Как вообще воспитываете детей?
Ю. П.: Я отношусь к категории мам ищущих… Постоянно советуюсь с психологом, читаю книги. Мне кажется, сейчас мамой быть сложно. У детей нет личного пространства, они растут под колпаком и вынуждены вести себя так, как от них ожидают. Это тяжело, отсюда столько депрессий, срывов. Я своих детей вынуждена ограничивать, но хочу, чтобы они росли свободными. Не создаю им тепличных условий, они ходят в обычную школу и обычный детский сад. Хотелось бы научить их общаться с представителями разных слоев общества. В остальном не знаю, чему еще их учить.
Верю в то, что максимум в человеке заложен уже при рождении. Вот я, например, четко помню себя с пятилетнего возраста — средняя группа детского сада. И мои размышления тогда и сейчас мало чем различаются. Наверное, сейчас больше знаний и опыта, но видение мира не сильно изменилось.
Вы фанат ароматов. Запахи помогают перенестись в прошлое? Беззаботное детсадовское время чем пахло?
Ю. П.: Да, для меня запах — это сразу или человек, или место, или время. Запах детского сада? Его ни с чем не перепутаешь, так пахнет творожная запеканка. Запах школы — это запах лакированных полов, краски, лака. Или запах дедушки… Он, помню, все время суп какой-то варил, и от него пахло этим супом, очень вкусным. Аромат яблок для варенья — это ощущение деревни для меня. Сцена в «Евгении Онегине», когда варят яблочное варенье, — для меня это картина нашего дома деревенского.
С парфюмерией так же. Например, аромат Геза Шоена Molecule 01 — это запах студенчества, третий-четвертый курс института...
А сейчас вы под знаком какого аромата живете?
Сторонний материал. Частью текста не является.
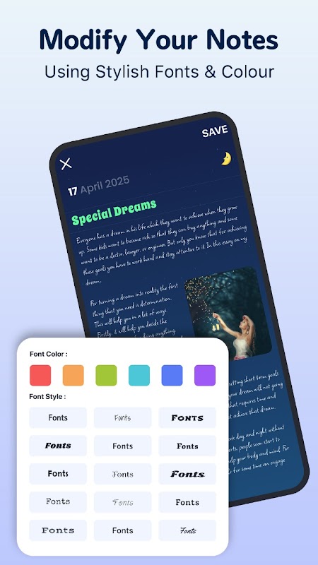 Daily diary journal allows you to make daily notes with colorful backgrounds, pictures, videos, stylish fonts, customizable themes, etc.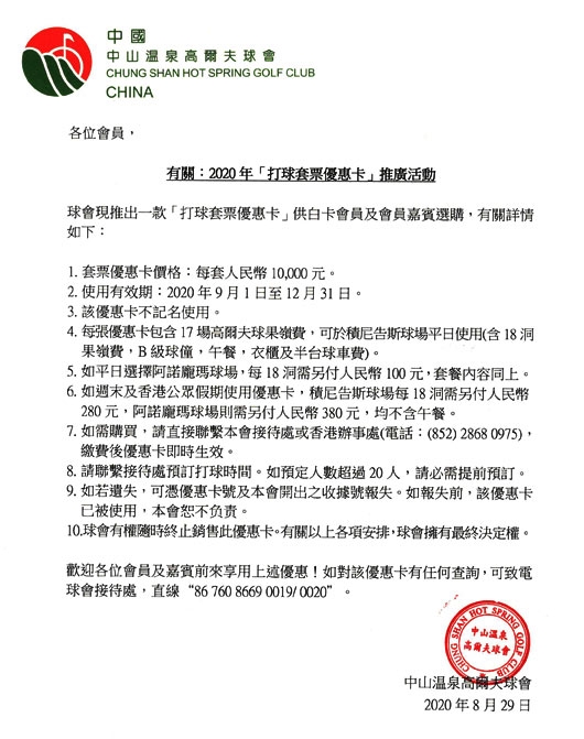 广东中山温泉高尔夫2020年打球套票优惠卡推广活动

Ю. П.: Ex Nihilo Fleur Narcotique — очень сложный аромат. Люблю непростые композиции.
Что еще вас так заводит?
Ю. П.: Мне легче сказать, что меня не заводит. Я очень заводной человек и благодарна маме, папе, Богу, что они меня наделили таким характером. Нет чего-то, чего бы я не хотела. Я хотела бы столькому научиться! У меня есть мечта, например, поступить в мединститут на нейропсихологию или неврологию. Понимаю, что это безумие, но все равно хочу. Конечно, из-за того, что я так много всего хочу, иногда обнаруживаю себя уставшей и ничего не успевающей. Люблю музыку, но мало ее слушаю, так как нет времени. Люблю театр как зритель, но не всегда успеваю туда ходить. Люблю иностранные языки…
А уход за собой вызывает такое чувство азарта?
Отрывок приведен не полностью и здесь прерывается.